*** Opening EXTRACTED MATERIAL ***

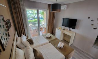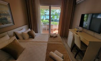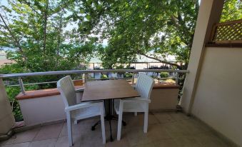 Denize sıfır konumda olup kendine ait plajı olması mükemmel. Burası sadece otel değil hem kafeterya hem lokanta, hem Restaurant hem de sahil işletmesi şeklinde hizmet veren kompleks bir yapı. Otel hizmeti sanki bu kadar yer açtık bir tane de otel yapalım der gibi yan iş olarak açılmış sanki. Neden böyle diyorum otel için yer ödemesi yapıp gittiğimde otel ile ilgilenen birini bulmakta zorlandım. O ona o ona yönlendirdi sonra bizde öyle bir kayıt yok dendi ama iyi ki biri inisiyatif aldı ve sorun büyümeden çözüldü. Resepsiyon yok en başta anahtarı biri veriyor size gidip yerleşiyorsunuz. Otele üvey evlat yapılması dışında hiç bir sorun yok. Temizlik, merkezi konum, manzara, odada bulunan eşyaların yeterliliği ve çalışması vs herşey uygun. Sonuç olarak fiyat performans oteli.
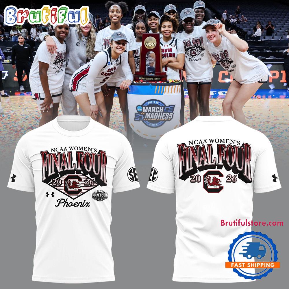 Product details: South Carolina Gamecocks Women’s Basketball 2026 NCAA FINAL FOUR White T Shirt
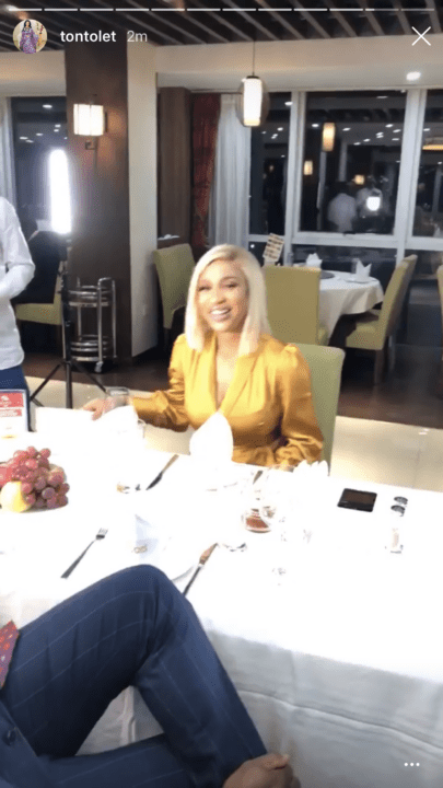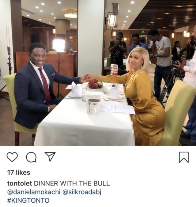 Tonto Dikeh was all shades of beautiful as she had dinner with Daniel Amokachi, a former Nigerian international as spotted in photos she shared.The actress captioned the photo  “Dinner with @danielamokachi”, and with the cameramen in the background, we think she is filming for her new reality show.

*** Closing EXTRACTED MATERIAL ***
*** Opening EXTRACTED MATERIAL ***

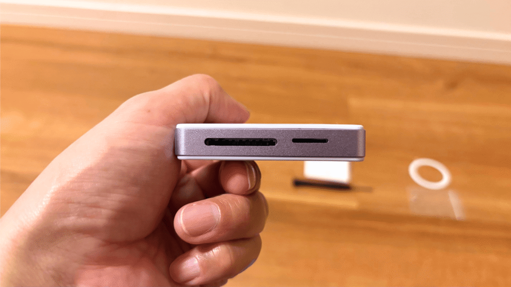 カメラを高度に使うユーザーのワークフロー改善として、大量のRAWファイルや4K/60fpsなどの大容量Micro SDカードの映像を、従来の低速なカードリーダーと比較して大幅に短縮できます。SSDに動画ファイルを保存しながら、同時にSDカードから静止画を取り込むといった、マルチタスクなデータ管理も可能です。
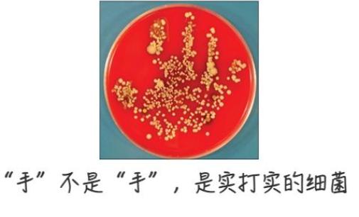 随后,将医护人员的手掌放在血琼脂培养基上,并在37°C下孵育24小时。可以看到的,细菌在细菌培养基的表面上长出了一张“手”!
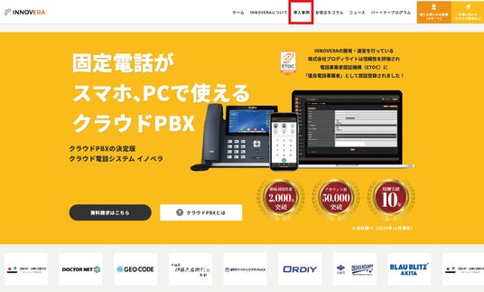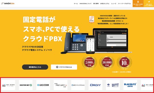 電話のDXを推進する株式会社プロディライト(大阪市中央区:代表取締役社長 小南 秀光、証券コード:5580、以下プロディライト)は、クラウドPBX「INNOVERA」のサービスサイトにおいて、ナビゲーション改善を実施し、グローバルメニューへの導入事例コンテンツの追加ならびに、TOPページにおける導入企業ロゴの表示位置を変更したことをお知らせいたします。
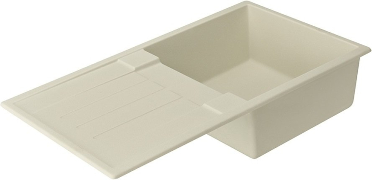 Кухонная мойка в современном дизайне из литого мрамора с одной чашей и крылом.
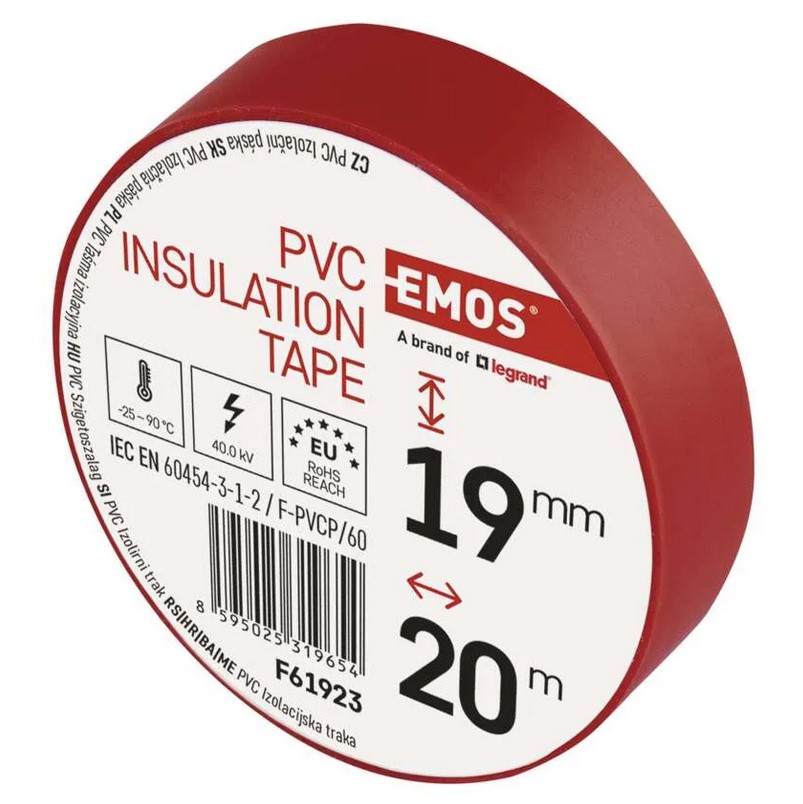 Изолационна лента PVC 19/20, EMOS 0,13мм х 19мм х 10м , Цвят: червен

*** Closing EXTRACTED MATERIAL ***

_EXERCISE:_ Within the entries above, give again exactly the lines starting at the one that contains "随后,将医护人员的手掌放在血" and ending at the one that contains "Изолационна лента PVC", leaving out the pictures.

_ANSWER TO THIS EXERCISE:_
 随后,将医护人员的手掌放在血琼脂培养基上,并在37°C下孵育24小时。可以看到的,细菌在细菌培养基的表面上长出了一张“手”!
 電話のDXを推進する株式会社プロディライト(大阪市中央区:代表取締役社長 小南 秀光、証券コード:5580、以下プロディライト)は、クラウドPBX「INNOVERA」のサービスサイトにおいて、ナビゲーション改善を実施し、グローバルメニューへの導入事例コンテンツの追加ならびに、TOPページにおける導入企業ロゴの表示位置を変更したことをお知らせいたします。
 Кухонная мойка в современном дизайне из литого мрамора с одной чашей и крылом.
 Изолационна лента PVC 19/20, EMOS 0,13мм х 19мм х 10м , Цвят: червен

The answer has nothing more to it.